How much more could we do together than alone?

Let’s destroy these lies once and for all. Let’s not forget who we have been called to be as women and let’s remember that we are all in this together.

You’re Nobody Unless You’re as Strong and as Successful as Men

Our society today has caused many women to buy into this lie. To make it in this “world of men” we believe we have to be ruthless, cut-throat and sometimes even heartless in our approach to our success. Sometimes we think, “How else are we going to be noticed in this world run by men?”

I’ve struggled with this very lie, allowing it to distort who I was. I began to deny my heart as a woman and ultimately became someone I was never supposed to be. A fake, trying too hard to make myself stand out. Trying too hard to cover up the fact that I’m a woman. Why? Because I believed these thoughts the world has distorted.

  • Women can’t handle the same things men can.
  • Women are weaker then men.
  • Women are too emotional to handle things.

So I began to be competitive, trampling over the people I worked with instead of helping, and encouraging them along. I made my heart numb to the heartache I encounter in my job so that I wouldn’t have the urge to cry. I even started dressing less feminine just so the men I worked with would know they couldn’t poke fun at me for being a girl any longer. The problem was, the more I became something I wasn’t, the less strength and power I actually had. The more energy I used trying to cover up who I was, the more I actually made those thoughts up there a reality. Discovering the truth was a liberating revelation that has catapulted my influence and recharged my confidence.

Lie: You’re Nobody Unless You’re as Strong and as Successful as Men

Truth: There is Strength in Being a Woman.

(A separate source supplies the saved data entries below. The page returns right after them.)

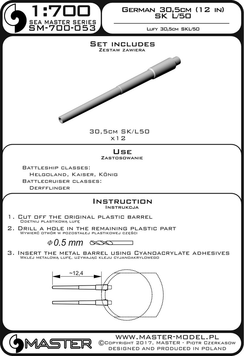 Master (PL) - 1/700 German 30,5cm/50 (12in) SK L/50 barrels (12pcs) - Helgoland, Kaiser, König and Derfflinger classes
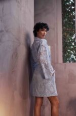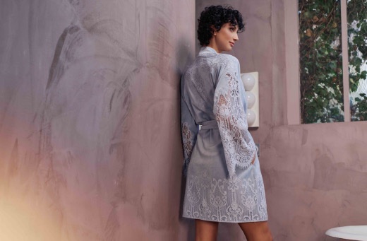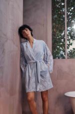 Krátký velurový župánek zdobený jemnou krajkou v něžně modré barvě. Luxusní a mimořádně příjemný na dotek, ideální pro chvíle pohodlí a elegance.
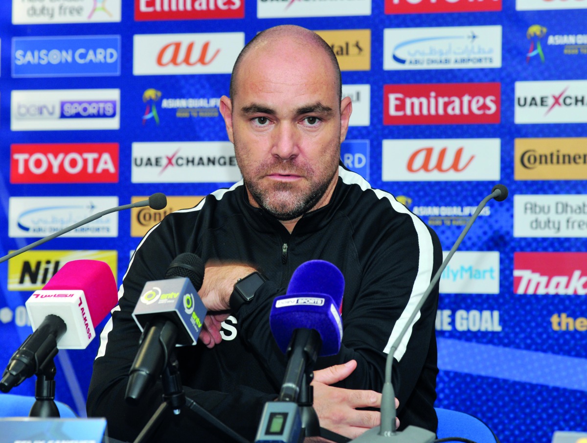 Qatar coach Felix Sanchez speaking at a press conference held at the Khalifa International Stadium yesterday. Picture: Kammutty VP
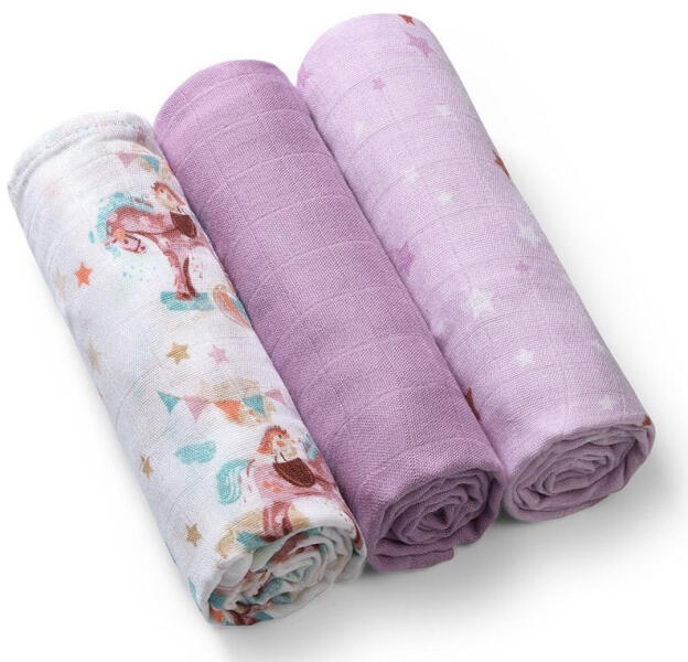 BabyOno 3 db-os színes, mintás bambusz textilpelenka - lila
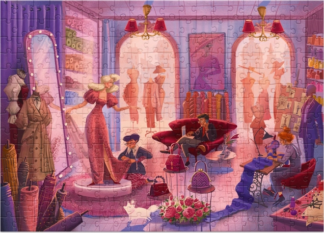 DODO Puzzle : Studio de mode vous emmène dans l’univers fascinant d’un atelier où naissent de magnifiques robes. Ce puzzle offre non seulement du divertissement, mais développe aussi la motricité fine, la concentration et la logique. Chacune des 300 pièces est découpée avec précision dans un carton résistant, garantissant un assemblage aisé et une longue durée de vie.
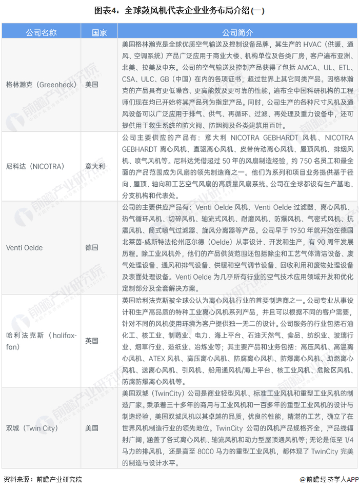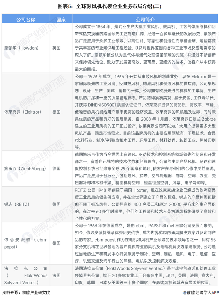——全球鼓风机代表企业较多 全球各国分布广泛
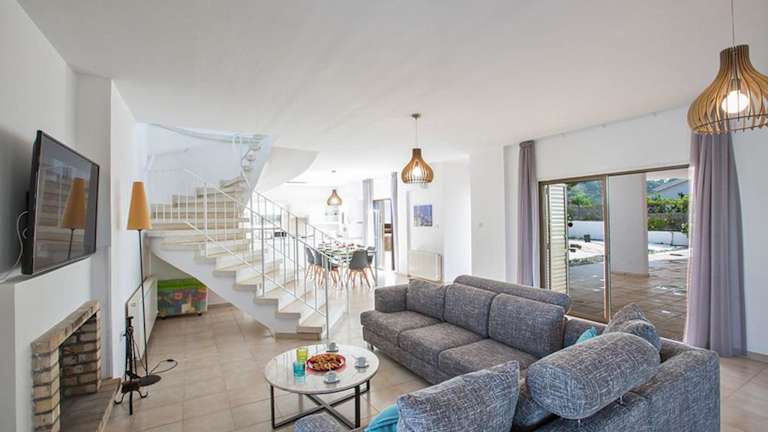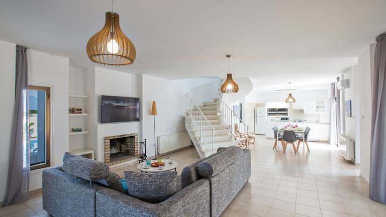 Die Villa Nepou verfügt über 4 Schlafzimmer und 4 Badezimmer, die Platz für eine große Gruppe oder eine Familie bieten. Die Zimmer sind komfortabel eingerichtet und mit Sat-TV ausgestattet. Die voll ausgestattete Küche ermöglicht es Ihnen, Ihre eigenen Mahlzeiten zuzubereiten und auf dem Balkon mit Meerblick zu genießen. Bettwäsche und Handtücher werden gestellt, und kostenfreies WLAN ist in der gesamten Villa verfügbar.

When we begin to realize that we have been given tremendous strength in who we are as women, I believe that is what will make us stand out. Instead of trying to hide our femininity we need to learn to embrace it and work from the strength that our identity brings us. A woman at rest in who she is, is a powerful thing. A woman secure in who God has created her to be, is a weapon in His armery, perfectly poised to take down the unique conflicts the enemy throws our way.

Share your own story. Have you felt the tension of being a woman in “a man’s world”? What obstacles have you had to face? How have you overcome them?

It’s time we take back our identity as women and live from the strength that our uniqueness brings us.